Первопричиной этой истерики было естественное для нормального, психически здорового человека стремление убежать от шизофрении.
Я, в отличие от Эмки, никаких таких попыток никогда не предпринимал. Хотя «шизофренией» этой был болен с самого раннего детства. Точно определить, когда именно впервые проявился у меня явный симптом этой болезни, я, наверно, не смогу. Сейчас мне кажется, что этот «плюрализм в одной голове» был свойствен мне изначально. Чуть ли не от рождения.
Ну вот, например, такое, как мне сейчас кажется, самое раннее воспоминание.
Мне лет восемь. Мы с отцом выходим из вагона дачного поезда (паровичка, электричек тогда еще не было) на перрон московского вокзала. Рядом идет какой-то дядька, на которого я обратил внимание еще раньше, в вагоне.

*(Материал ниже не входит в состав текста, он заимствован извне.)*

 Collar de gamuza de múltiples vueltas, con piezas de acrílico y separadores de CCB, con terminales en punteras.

У него высокий лоб, большие роговые очки, за стеклами которых блестят умные, насмешливые глаза. Обратил я на него внимание, потому что он был очень похож на Ботвинника. Я сперва даже подумал: уж не сам ли это Ботвинник? Он тянул за руку мальчишку примерно моего возраста. Нет, наверно, все-таки мальчишка этот был чуть младше, чем я. Во всяком случае, вел он себя как дошкольник: поминутно озирался, считал ворон и плелся за отцом еле-еле, так что тому приходилось чуть ли не насильно тащить его за собой.

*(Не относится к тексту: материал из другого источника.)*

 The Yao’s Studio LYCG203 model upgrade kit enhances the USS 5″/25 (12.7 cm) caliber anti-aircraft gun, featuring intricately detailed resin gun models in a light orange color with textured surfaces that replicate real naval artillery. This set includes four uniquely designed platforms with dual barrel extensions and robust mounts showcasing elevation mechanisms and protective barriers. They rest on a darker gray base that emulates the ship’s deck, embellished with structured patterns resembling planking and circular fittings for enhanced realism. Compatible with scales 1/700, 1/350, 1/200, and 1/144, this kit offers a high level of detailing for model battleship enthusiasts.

— А ну, поживее! — подбодрил его «Ботвинник». — Не отставай! Знаешь, что сказал один умный человек? Отсталых бьют!
Реплика эта меня поразила.
Я, как вы уже знаете, политически был развит, и поэтому прекрасно знал, что сказал это — не кто иной, как Сталин. Изумило же меня то, что этот лобастый дядька в очках назвал Сталина умным человеком.
Всем классом мы дружно смеялись над глупенькой нашей одноклассницей, которая на вопрос учителя, знает ли она, кто такой Сталин, простодушно ответила: «У буржуев — царь. А у нас — Сталин». В отличие от этой глупой девчонки, все мы прекрасно знали, кто такой Сталин. Вождь мирового пролетариата, Генеральный секретарь ЦК ВКП(б), гений всех времен и народов… При желании я мог бы припомнить еще много таких определений, и ни одно из них не показалось бы мне незаслуженным, неправомерным. Но определение «умный человек» в приложении к Сталину я воспринял как совершенно неуместное, неправильное, никак к нему не относящееся.

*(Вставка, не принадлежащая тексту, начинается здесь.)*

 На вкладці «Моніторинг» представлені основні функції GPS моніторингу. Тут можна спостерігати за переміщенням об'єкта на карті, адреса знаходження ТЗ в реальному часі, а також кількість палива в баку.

Умным человеком можно было назвать вот этого, похожего на Ботвинника, высоколобого дядьку в очках. Конечно, и самого Ботвинника. (Не будь он умным, разве сумел бы он стать чемпионом СССР по шахматам?) Умным человеком, наверно, был и мой папа, и некоторые (не все, конечно) его друзья, приходившие иногда к нам в гости. Но Сталин? Нет, к нему это определение решительно не подходило.
Вероятно, определение «умный человек» в тогдашнем моем понимании этого слова могло быть отнесено к ученому, профессору, врачу, шахматисту. То есть — к интеллигенту. Сталин же в его сапогах и полувоенном кителе, о котором мой отец пренебрежительно говорил, что в нем пристало ходить в уборную, а не встречаться с иностранными дипломатами, к сословию интеллигентов явно не принадлежал.
Тут, конечно, напрашивался естественный вопрос. И если бы я всеми этими своими недоумениями с кем-нибудь (ну вот, хоть с этим очкастым, похожим на Ботвинника) поделился, мне этот вопрос, конечно, сразу же задали бы. «Подумай, ну что такое ты говоришь! — возразил бы мне, наверное, этот самый „Ботвинник“. — Да разве неумный человек мог бы стоять во главе такого великого государства?»
Но меня этот вопрос ничуть бы не озадачил. Я прекрасно знал, как мог бы на это ответить.
Я сказал бы, что руководить государством Сталина назначили вовсе не потому, что он умный человек, а потому, что ТАК НАДО. Так же, например, как руководить «Главсолью» или «Главспичками» назначили не моего папу, а Ивана Ивановича Рощина. Назначили, потому что он — коммунист. Из того, что Иван Иванович член партии, а мой папа беспартийный, конечно, еще не следует, что в производстве соли или спичек он понимает больше, чем мой папа. Но разве дело в этом? У него — заслуги. Он брал Зимний, участвовал в Гражданской войне, потерял на этой войне ногу. Он, безусловно, имеет право быть начальником «Главсоли».